Abstract
Complex diseases invariably involve multiple genes and often exhibit variable symptom profiles. The extent to which disease symptoms, course, and severity differ between affected individuals may result from underlying genetic heterogeneity. Genes with modifier effects may or may not also influence disease susceptibility. In this study, we have simulated data in which a subset of cases differ by some effect size (ES) on a quantitative trait and are also enriched for a risk allele. Power to detect this ‘pseudo-modifier’ gene in case-only and case–control designs was explored blind to case substructure. Simulations involved 1000 iterations and calculations for 80% power at P<0.01 while varying the risk allele frequency (RAF), sample size (SS), ES, odds ratio (OR), and proportions of the case subgroups. With realistic values for the RAF (0.20), SS (3000) and ES (1), an OR of 1.7 is necessary to detect a pseudo-modifier gene. Unequal numbers of subjects in the case groups result in little decrement in power until the group enriched for the risk allele is <30% or >70% of the total case population. In practice, greater numbers of subjects and selection of a quantitative trait with a large range will provide researchers with greater power to detect a pseudo-modifier gene. However, even under ideal conditions, studies involving alleles with low frequencies or low ORs are usually underpowered for detection of a modifier or susceptibility gene. This may explain some of the inconsistent association results for many candidate gene studies of complex diseases.

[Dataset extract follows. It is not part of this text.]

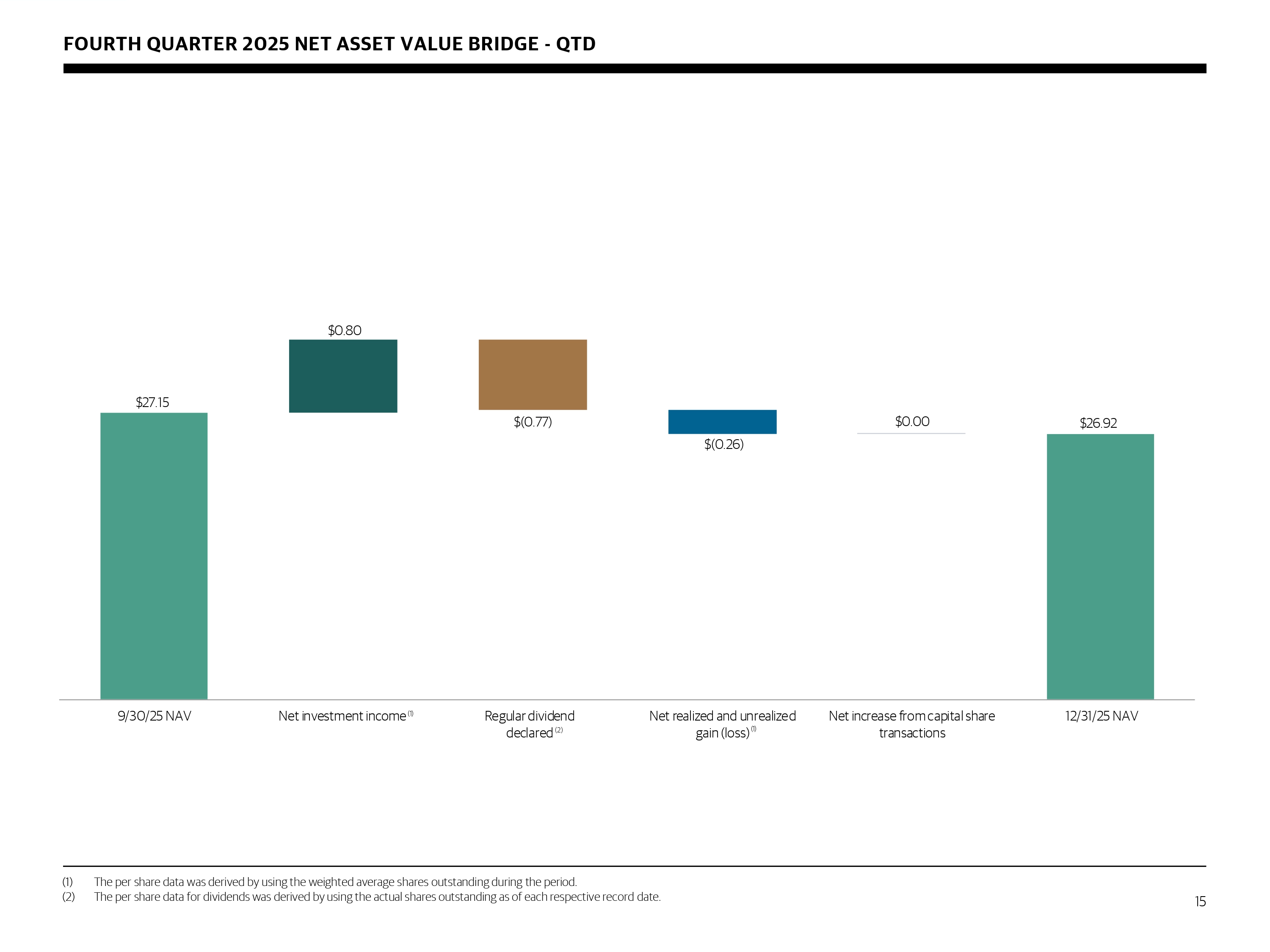 FOURTH QUARTER 2025 NET ASSET VALUE BRIDGE - QTD (1) The per share data was derived by using the weighted average shares outstanding during the period. (2) The per share data for dividends was derived by using the actual shares outstanding as of each respective record date. 15 $27.15 $26.92 $0.80 $(0.77) $(0.26) $0.00 9/30/25 NAV Net investment income Regular dividend declared Net realized and unrealized gain (loss) Net increase from capital share transactions 12/31/25 NAV (1) (2) (1)

Similar content being viewed by others
Introduction
As the risk genes for complex diseases are rapidly being identified,1, 2, 3 there has been increasing attention to the factors influencing variability within these disorders. For complex genetic disorders in which multiple genes act in concert to produce the disease, variability in phenotypic expression seems likely to result, at least in part, from underlying genetic heterogeneity. Genes impacting age of onset, severity, and differences in symptom clusters, but not susceptibility to illness have been termed modifier genes.4 Several such genes have now been identified for diseases such as sickle cell anemia,5 cystic fibrosis,6 nonsyndromic cleft lip,7 and spinocerebellar ataxia type II.8, 9
Although susceptibility genes – those which influence disease liability – and modifier genes – those which impact on clinical variation within the illness – can be distinct, it is also possible for one gene to predispose individuals to a disease as well as specific symptom dimensions within the illness.4 Such ‘susceptibility-modifier’ genes have been identified for schizophrenia (dysbindin,10, 11, 12 COMT,13, 14, 15 and DISC116, 17), cystic fibrosis (CFTR),18 ataxia-telangiectasia (ATM),19 long-QT syndrome (NOS1AP),20 and type 2 diabetes (IRS1).21
Difficulty in replicating findings for association studies of complex diseases has led to the stratification of subjects based on variation in disease characteristics as one plausible way to enhance the signal to noise ratio by reducing heterogeneity. Consequently, there have been attempts to identify biological features specific to particular forms of illness. However, classifying clinical subtypes of complex diseases has proven exceedingly difficult. Age of onset, severity, and familial or sporadic inheritance patterns have sometimes been used to subdivide case populations. Other strategies for grouping patients have focused on symptomatology, either through use of a priori criteria or by the more statistically rigorous methods of cluster or latent class analysis. Subjects can then be categorized as high or low scorers for a given factor. There are also methods that allow for the maximization of evidence for association by covariate-based subdividing without a priori cut points or data processing.22, 23 Each of these categorization approaches has some appeal, but the best approach for each complex disease has yet to be determined.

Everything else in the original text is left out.